───── Given data ─────

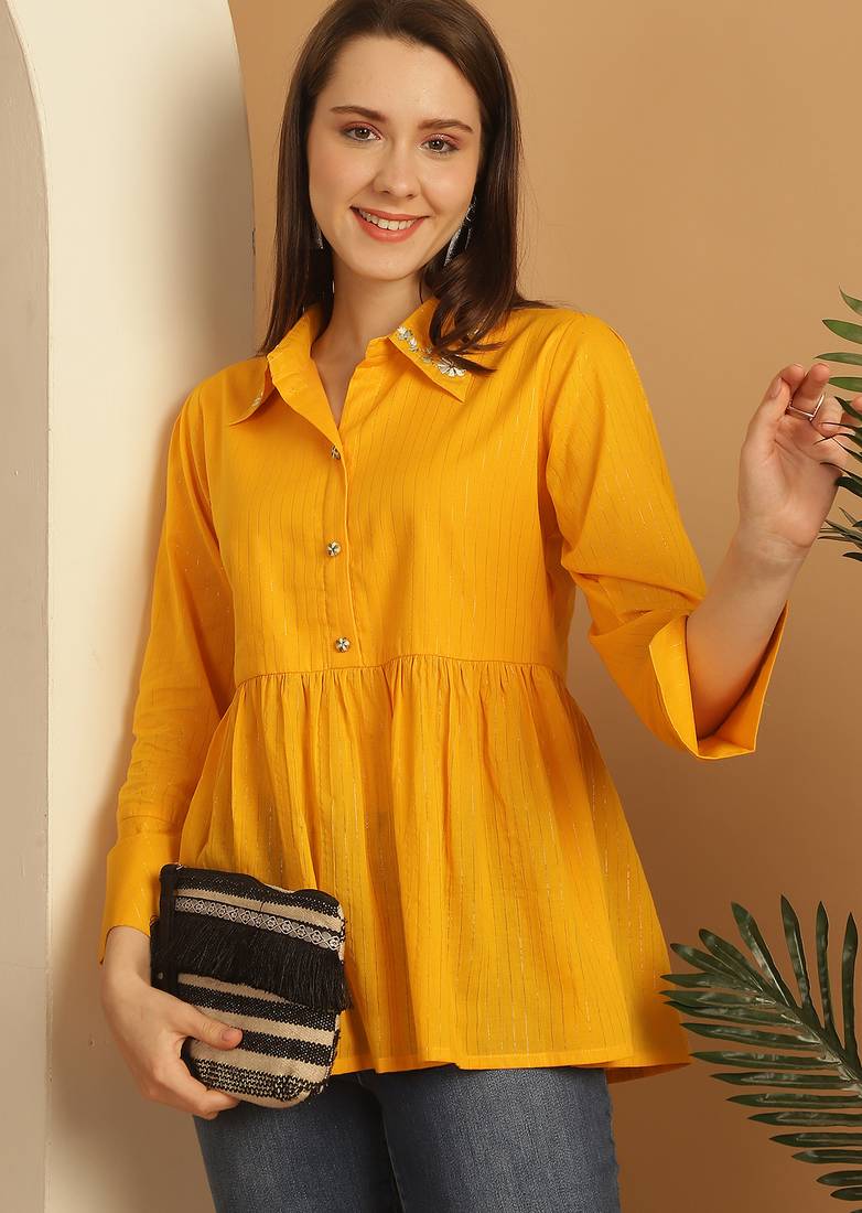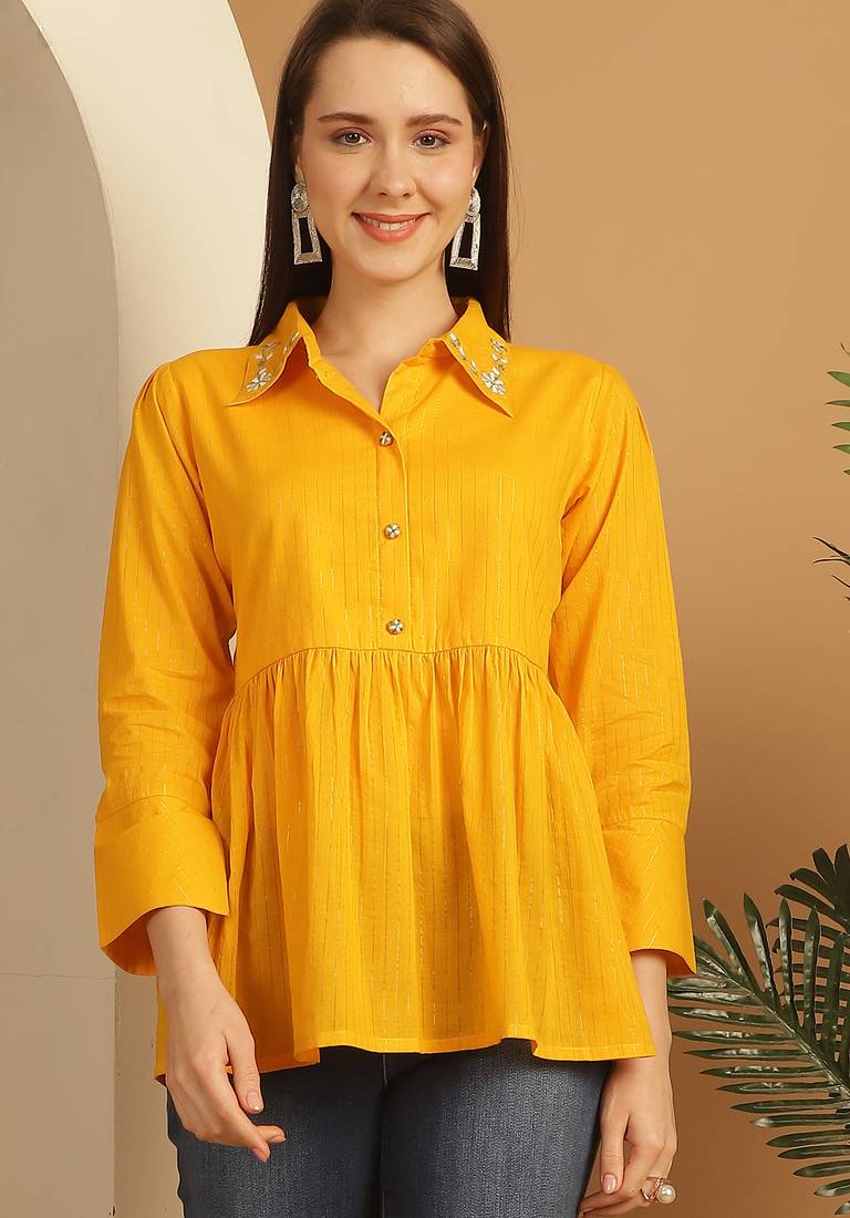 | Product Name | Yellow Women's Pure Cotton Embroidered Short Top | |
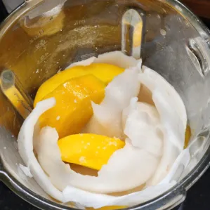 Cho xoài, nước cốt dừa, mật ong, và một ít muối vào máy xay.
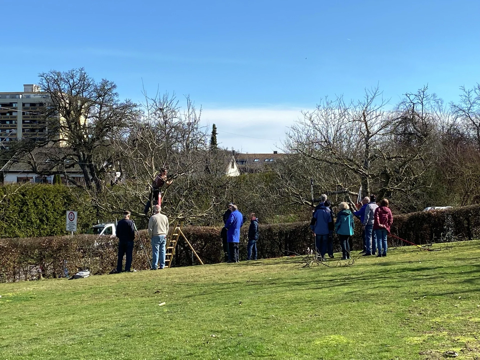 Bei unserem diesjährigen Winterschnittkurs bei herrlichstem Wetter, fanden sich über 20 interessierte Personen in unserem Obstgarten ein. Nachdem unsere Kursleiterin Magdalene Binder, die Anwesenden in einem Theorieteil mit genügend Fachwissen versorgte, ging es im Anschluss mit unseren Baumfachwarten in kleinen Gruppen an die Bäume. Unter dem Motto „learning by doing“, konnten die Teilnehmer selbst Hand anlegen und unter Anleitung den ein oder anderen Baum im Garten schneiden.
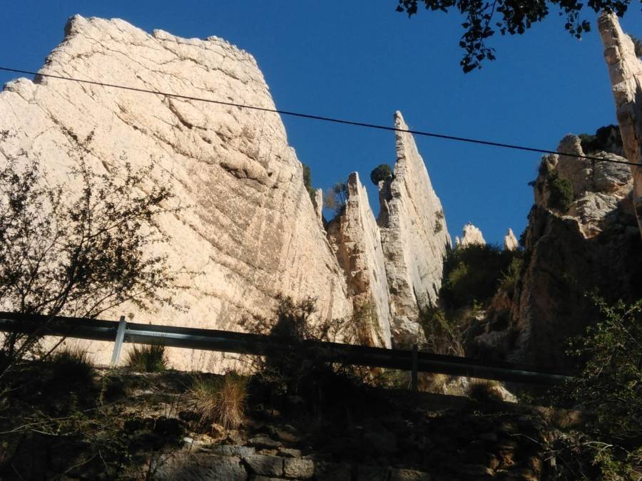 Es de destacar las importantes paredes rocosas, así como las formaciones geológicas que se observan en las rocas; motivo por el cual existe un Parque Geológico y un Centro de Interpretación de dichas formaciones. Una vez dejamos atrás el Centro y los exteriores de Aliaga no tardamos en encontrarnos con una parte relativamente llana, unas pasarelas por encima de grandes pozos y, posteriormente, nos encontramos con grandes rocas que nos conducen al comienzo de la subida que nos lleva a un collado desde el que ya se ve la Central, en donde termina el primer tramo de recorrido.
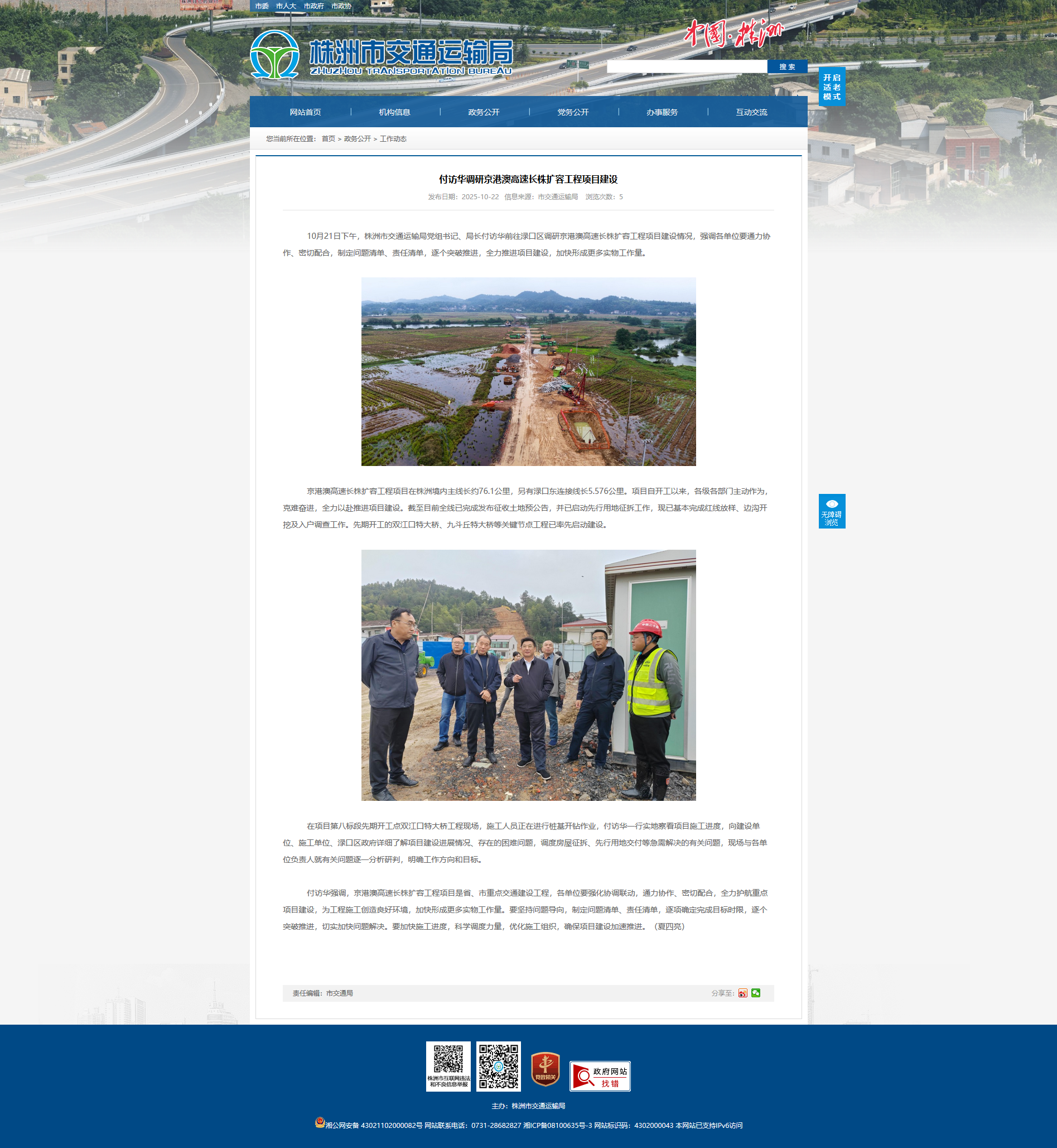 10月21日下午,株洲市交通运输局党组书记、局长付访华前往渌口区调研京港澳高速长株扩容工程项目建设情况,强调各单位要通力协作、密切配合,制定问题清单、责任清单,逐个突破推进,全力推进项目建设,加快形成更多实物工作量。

─────

Only the text of the entries belongs in the answer, copied exactly; the pictures stay out.

 | Product Name | Yellow Women's Pure Cotton Embroidered Short Top | |
 Cho xoài, nước cốt dừa, mật ong, và một ít muối vào máy xay.
 Bei unserem diesjährigen Winterschnittkurs bei herrlichstem Wetter, fanden sich über 20 interessierte Personen in unserem Obstgarten ein. Nachdem unsere Kursleiterin Magdalene Binder, die Anwesenden in einem Theorieteil mit genügend Fachwissen versorgte, ging es im Anschluss mit unseren Baumfachwarten in kleinen Gruppen an die Bäume. Unter dem Motto „learning by doing“, konnten die Teilnehmer selbst Hand anlegen und unter Anleitung den ein oder anderen Baum im Garten schneiden.
 Es de destacar las importantes paredes rocosas, así como las formaciones geológicas que se observan en las rocas; motivo por el cual existe un Parque Geológico y un Centro de Interpretación de dichas formaciones. Una vez dejamos atrás el Centro y los exteriores de Aliaga no tardamos en encontrarnos con una parte relativamente llana, unas pasarelas por encima de grandes pozos y, posteriormente, nos encontramos con grandes rocas que nos conducen al comienzo de la subida que nos lleva a un collado desde el que ya se ve la Central, en donde termina el primer tramo de recorrido.
 10月21日下午,株洲市交通运输局党组书记、局长付访华前往渌口区调研京港澳高速长株扩容工程项目建设情况,强调各单位要通力协作、密切配合,制定问题清单、责任清单,逐个突破推进,全力推进项目建设,加快形成更多实物工作量。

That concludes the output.